Evaluating how different balancing data techniques impact on prediction of premature birth using machine learning models.
Journal:
PloS one
PMID:
40173408
Abstract
Premature birth can be defined as birth before 37 weeks of gestation, which is a significant global health issue, being the main cause for neonatal deaths. In this work, we evaluate machine learning models for predicting premature birth using Brazilian sociodemographic and obstetric data, focusing on the challenge of data imbalance, a common problem that can lead to biased predictions. We evaluate five data balancing techniques: Undersampling, Oversampling, and three Hybridsampling configurations where the minority class was increased by factors 2, 3, and 4. The machine learning models, including Decision Tree, Random Forest, and AdaBoost, are trained and evaluated on a dataset of over 483,000 cases. The use of the Hybridsampling approach resulted in an accuracy of 70%, a recall of 64%, and a precision of 74% in the Decision Tree model. Results show that Hybridsampling techniques significantly improves models' performance compared to Undersampling and Oversampling, highlighting the importance of a proper data balancing in predictive models for preterm birth.
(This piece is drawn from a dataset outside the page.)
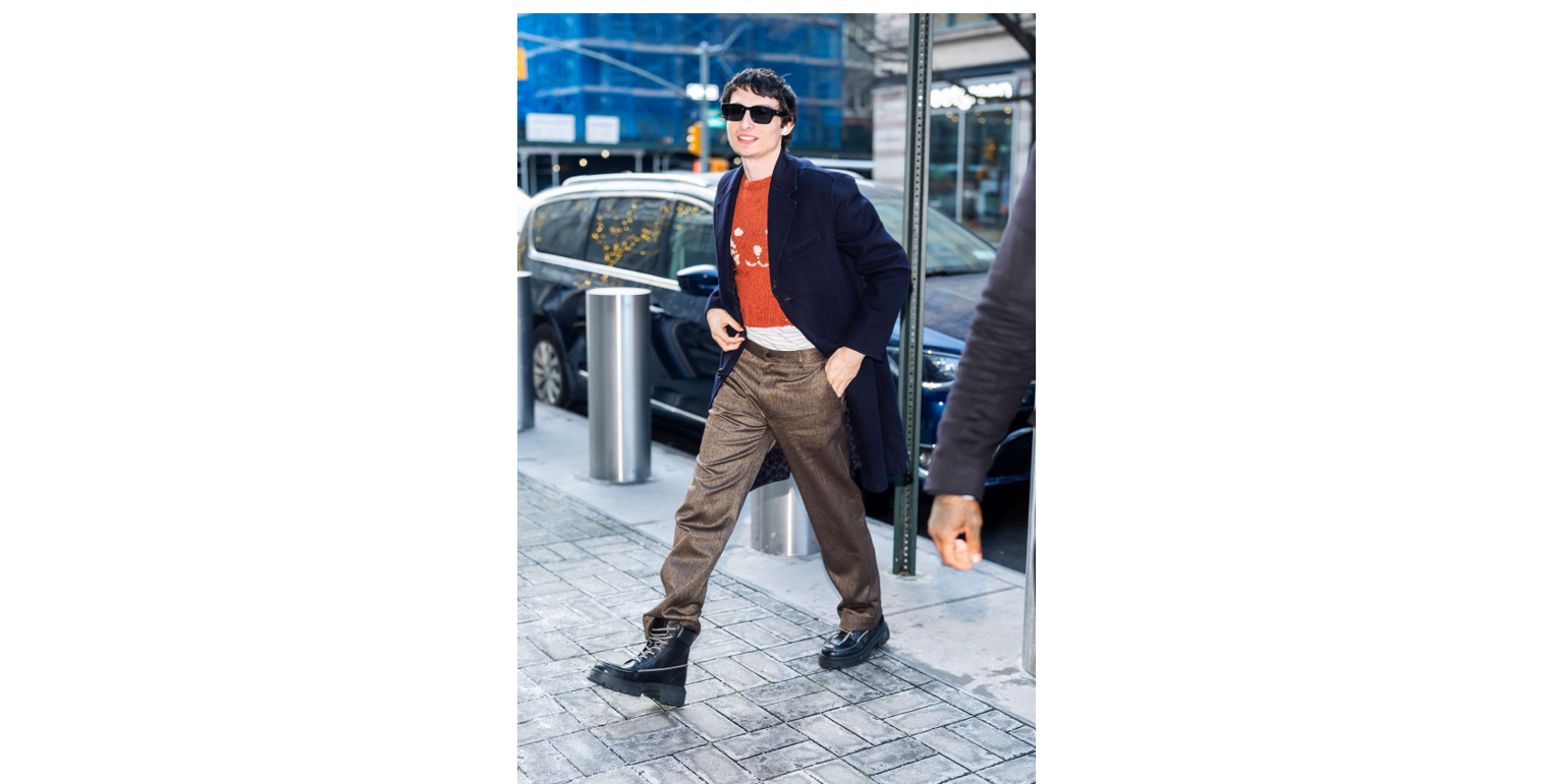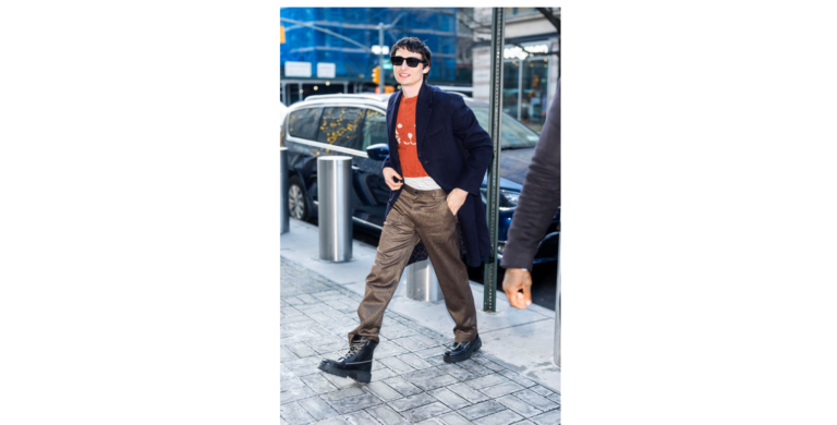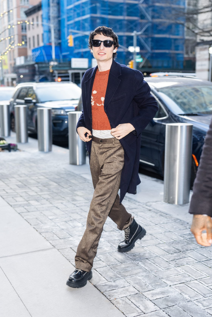 El actor Finn Wolfhard viste un suéter con diseño de silueta animal de la colección Coach Primavera 2026, acompañado de un abrigo de lana doble cara, los lentes de sol Maxi Sculpted C Narrow Square y botas Lug Sole Boot, durante la gira de prensa de Stranger Things.

The relevance of our work is particularly significant for the Brazilian Unified Health System (SUS). By improving the accuracy of premature birth predictions, our models could assist healthcare providers in identifying at-risk pregnancies earlier, allowing for timely interventions. This integration could enhance maternal and neonatal care, reduce the incidence of preterm births, and potentially decrease neonatal mortality, especially in underserved regions.